Раз досталось и мне. Летом Владимир Иванович обычно 1-1,5 месяца отдыхал в санатории "Узкое", куда мы возили ему документы. В те годы "Узкое" располагалось на самой окраине Москвы и туда примерно раз в час ходил единственный автобус от станции метро "Калужская". В очередной визит к Владимиру Ивановичу мне не повезло: то ли автобус отменили, то ли я опоздал на очередной, но факт тот, что я пришел в палату, где ждал меня Владимир Иванович, с опозданием на 30-40 минут. Владимир Иванович был сердит: "Андрей, разве вы не знаете, что ко мне нельзя опаздывать больше чем на пять минут?". Я в этот день по каким-то личным причинам был расстроен и вместо того, чтобы "покаяться" (что вряд ли спасло бы положение), довольно дерзко ответил: "Владимир Иванович, у меня нет персональной машины, я езжу на автобусе, который ходит, как бог на душу положит, а если Вы не в духе или у Вас нет времени, давайте я привезу Вам документы завтра в назначенное время". Владимир Иванович внимательно посмотрел на меня и молча открыл папку с документами. "Расписав" документы, он молча отдал папку мне, я ее молча принял и пошел к двери. И тут вдруг услышал: "Ладно, Андрей, не дуйтесь, давайте лучше выпьем по рюмочке коньяка". Выпили по рюмочке (я - две), я теперь уже от всей души извинился и пошел к двери, а на пороге услышал: "Но все-таки больше прошу не опаздывать"... Естественно, я больше к Владимиру Ивановичу не опаздывал, а когда Владимир Иванович по делам вызывал меня к себе домой (он жил неподалеку от Президиума), я старался звонить ему в дверь минута в минуту, что иногда вызывало у него реплику типа: "Вот видите, можете же не опаздывать".
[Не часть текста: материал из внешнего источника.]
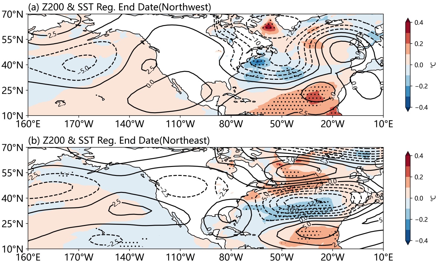 Figure 7. Regression of spring 200 hPa hgt (contours, units: gpm) and sea surface temperature (SST) (shading, Unit: ˚C) on detrended cold surge end index of (a) Northwest China and (b) Northwest China during 1972~2021. Dotted areas denote SST anomalies significant at the 90% confidence levels

Уезжал я как-то в очередной раз на Кубу, где с коллегами редактировал геологическую карту страны в масштабе 1:250000. Причем, надо отметить, что Владимир Иванович всячески поощрял наши занятия наукой, а не только "бумагами" и часто способствовал прохождению наших документов по инстанциям. Дело было в марте, уезжал я на 1-1,5 месяца, и И.Б. Иванов в шутку (при мне) сказал Владимиру Ивановичу, что, мол, я уезжают на Кубу, чтобы не участвовать в Ленинском субботнике 22 апреля. Я почему-то принял эту шутку всерьез и "заверил собравшихся", что я прилечу 21 апреля, а 22-го обязательно приму участие в субботнике. Все засмеялись (Владимир Иванович улыбнулся), но я действительно прилетел в Москву 21-го, а 22-го на субботнике копал газоны у здания Президиума, о чем с гордостью при первой же встрече поведал Владимиру Ивановичу, на что тот слегка улыбнулся и сказал: "Андрей, я думал, что Вы умнее".
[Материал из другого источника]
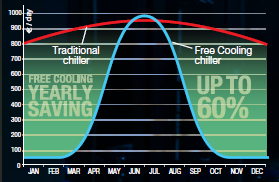 夏季,機組與常規機組一樣進行正常制冷;冬季,完全使用自然冷卻制冷,壓縮機制冷系統關閉,機組無壓縮機功耗,僅有少量的風扇運轉能耗;過渡季節,機組自動開啟自然冷卻功能,預冷冷凍水,自然冷卻不夠的部分,再由壓縮機制冷接力達到需求冷量。克萊門特采用W3000微電腦智能控制系統,其特有的自適應功能可根據用戶水溫、環境溫度變化智能地調節壓縮機供冷量。克萊門特多年的自然冷卻機組設計經驗與精確的資源整合控制,有力地保證了機組在滿足總冷量需求的前提下較小化壓縮機工作,較大化自然冷卻,用節能的方式可靠運行。因此,克萊門特自然冷卻風冷冷水機組產品系列可以實現高可靠性和高達60%的節能率。

Расстались мы с Владимиром Ивановичем в 1975 г. Шли очередные перевыборы академиков-секретарей Отделений. И нам и, конечно, Владимиру Ивановичу было ясно, что он останется на своем посту еще на один срок. Однако недели за две до выборов по Президиуму поползли слухи, что не все так просто. Эти слухи муссировались и становились все отчетливее. Замаячила и кандидатура возможного преемника Владимира Ивановича. И.Б. Иванов и я решили рассказать об этом Владимиру Ивановичу. Внимательно нас выслушав, он со свойственной ему иронической интонацией заметил лишь: "Опять Вы все путаете", и принял решение готовить заседание Бюро Отделения после перевыборов.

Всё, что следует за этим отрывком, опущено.